*ASSIGNED TASK*: Repeat the listing exactly, line by line, and leave the pictures behind.

===== SUPPLIED INFORMATION =====

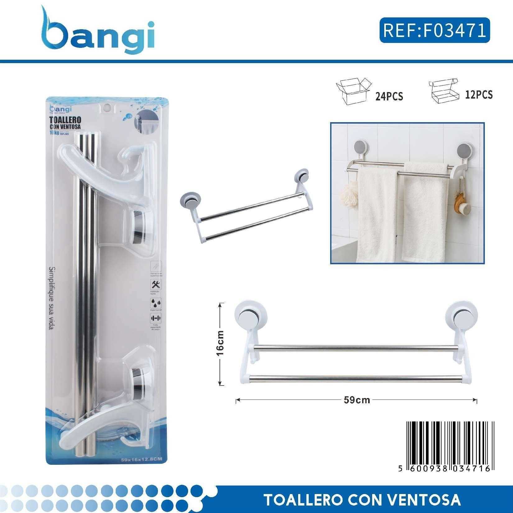 Κρεμάστρα πετσέτας μπάνιου διπλή ράγα με βεντούζες – 59cm – 03471
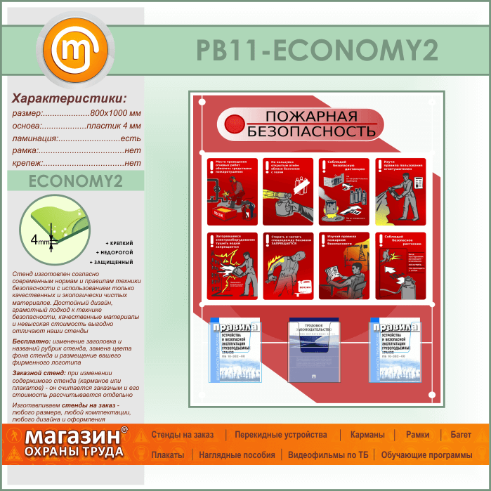 Стенд «Стенд пожарная безопасность в строительстве» с 3 объемными карманами (PB-11-ECONOMY2) в Химках купить
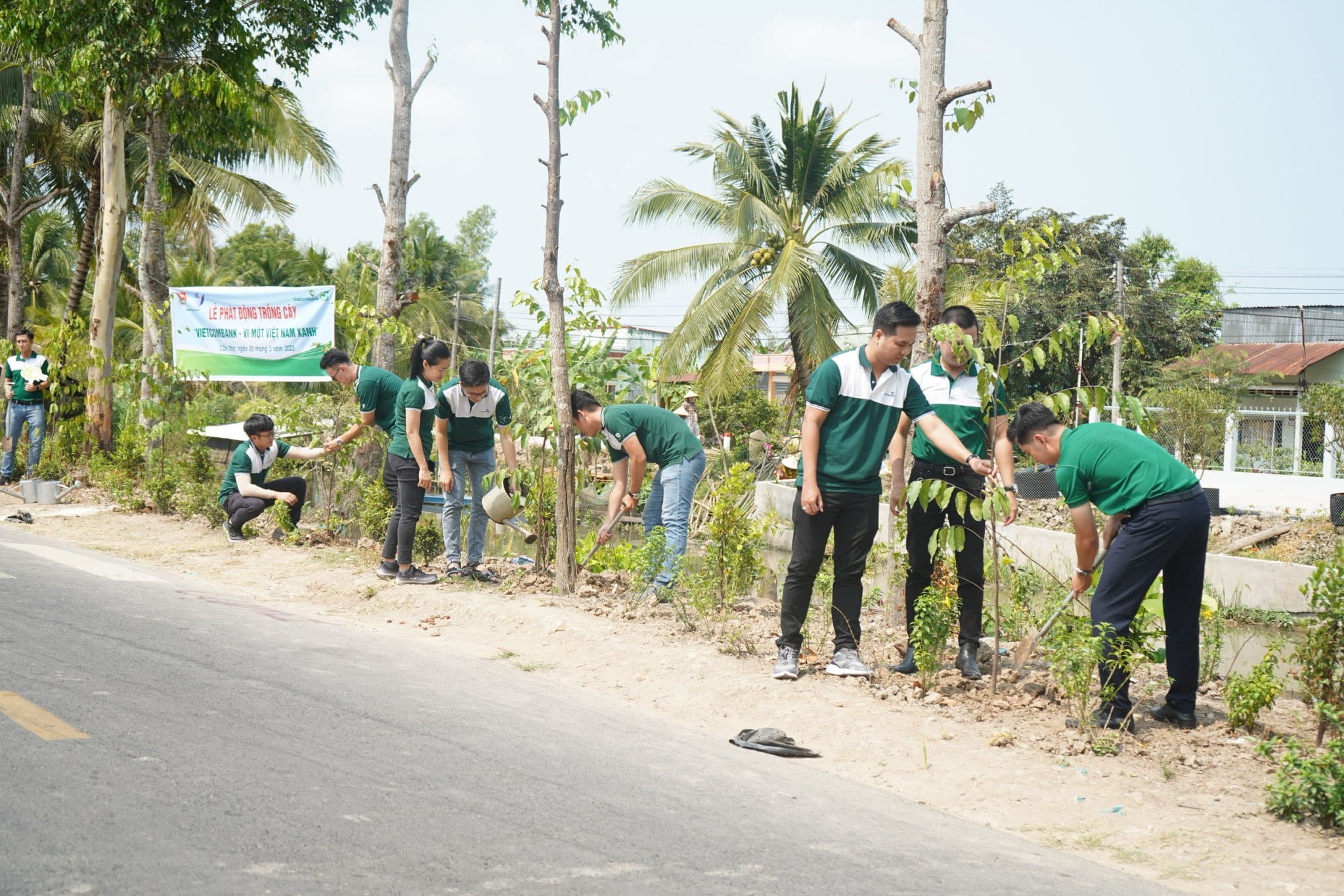Đoàn viên thanh niên Vietcombank Cần Thơ và Vietcombank Tây Cần Thơ trồng cây sao dầu tại huyện Thới Lai - Cần Thơ

=====

*FINAL ANSWER*:
 Κρεμάστρα πετσέτας μπάνιου διπλή ράγα με βεντούζες – 59cm – 03471
 Стенд «Стенд пожарная безопасность в строительстве» с 3 объемными карманами (PB-11-ECONOMY2) в Химках купить
Đoàn viên thanh niên Vietcombank Cần Thơ và Vietcombank Tây Cần Thơ trồng cây sao dầu tại huyện Thới Lai - Cần Thơ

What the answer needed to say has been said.